As far as her family were concerned, it was not a question of if she would be sorted into Slytherin, only how quickly it would be confirmed. According to rumour, the hat had hardly touched Doireann, her sister, before sorting her. Siobhan’s outcome would be equally as certain, surely.
Still, her stomach tightened as the doors swung open.
The Great Hall was dazzling. Hundreds of candles floated in midair, casting a warm glow over long tables filled with staring faces. Above, the ceiling reflected the night sky, darker now, endless stars scattered against black velvet.
A stool and a patched Sorting Hat waited in the center.
Names were called. Students shuffled forward one by one, the Hat proclaiming them for Gryffindor, Ravenclaw, Hufflepuff, Slytherin. The cheers rang out, each House celebrating its newest member. All the while, Siobhan could feel Doireann’s eyes on her, hovering nervously. She probably should have paid closer attention to the names of her various new classmates, particularly the new Syltherins, but barely any of them registered, not until her own name was finally called.
She stepped forward, steady and deliberate, her back rod straight, as instructed. Whispers rippled through the Hall at her surname. The Hat slipped down onto her head, over her eyes, and a voice filled her mind.
“Ah, a Serpent, you think you already know where you belong don’t you… ambitious, sharp..yes, you’d do well in Slytherin, I suppose.

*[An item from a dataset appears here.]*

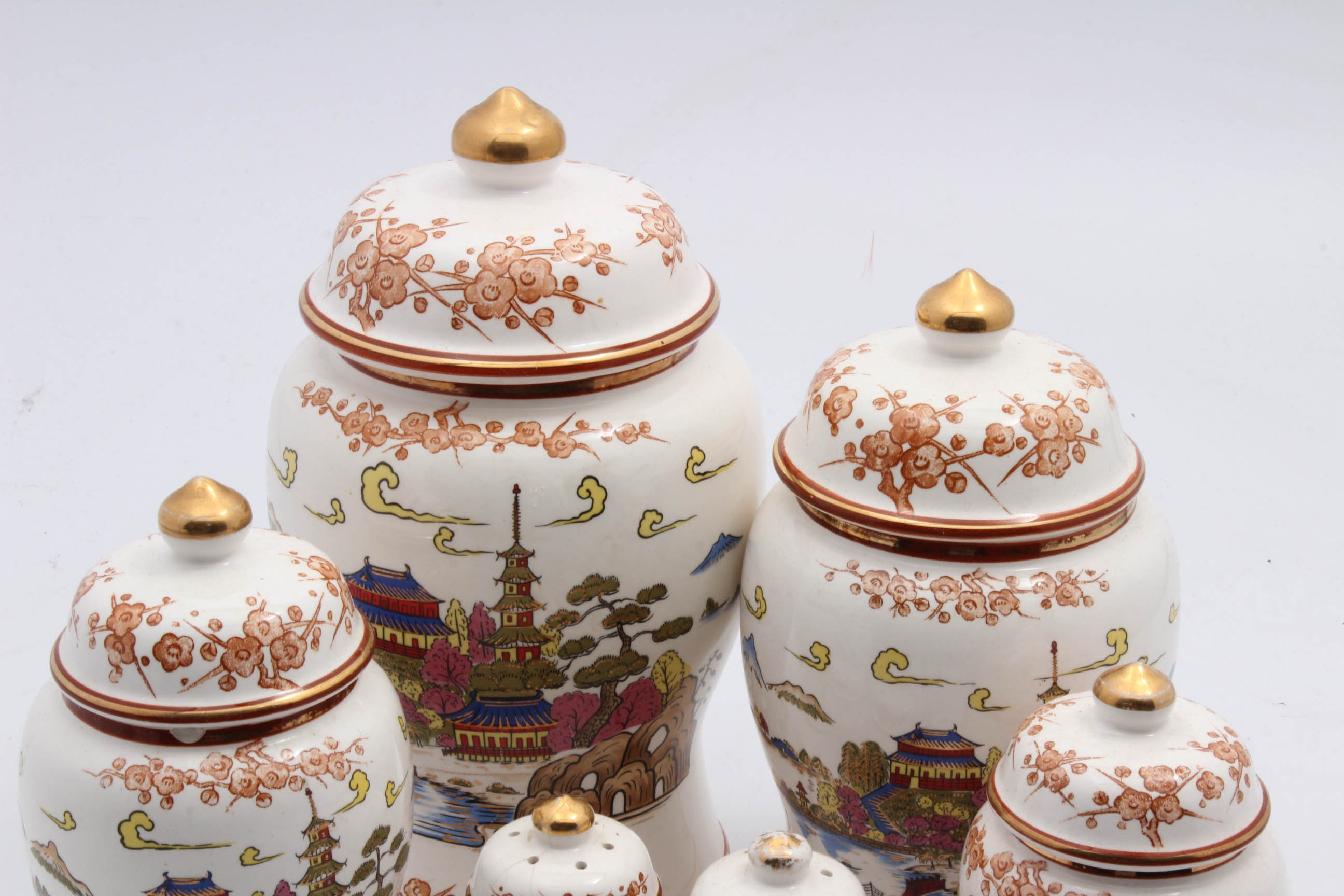 8pc Asian Ginger Jar Set from www.aardvark-antiques.com Placed in a kitchen or living room, this decorative jar is chic, simple and stylish. Blue and white ginger jar chinoiserie w/magnet. Shop for blue white ginger jars online at target. Traditional chinese white lattice ginger jar with lid, carved lattice decorative temple jar, carthage pierced covered lantern, porcelain, white (s). Handmade in the united states, these ginger jars in glossy white are a beautiful way to style afloral faux flowers. Vintage set of 2 japan ginger jar with lid and vase, iris orchard. I had some hydrangeas here before but just these faux orange branches are on sale (i have a set of three!) they're so pretty in this ginger jar by tropical leaf features: Product details:this stunning plain white jar is the perfect decoration for any number of neutral rooms.

But what about… there’s a good brain in there…hmmm, there’s more of a lion in there than you wish-”
“-No, please,” Siobhan thought. “There’s only one answer.”
“Indeed, if you insist,” the Hat chuckled. “Better be… SLYTHERIN!”
Her table clapped politely, and she took her place next to her fellow first-years, though not before a quick hug from Doireann in the prefect’s section of the table.
With her fate firmly sealed, Siobhan finally took the time to scan the hall for the rest of the fresh recruits. She spotted the nervous girl, from the boat, gazing up at the ceiling from the Hufflepuff table. Likely muggle-born, she thought, if the nerves and shock were anything to go by.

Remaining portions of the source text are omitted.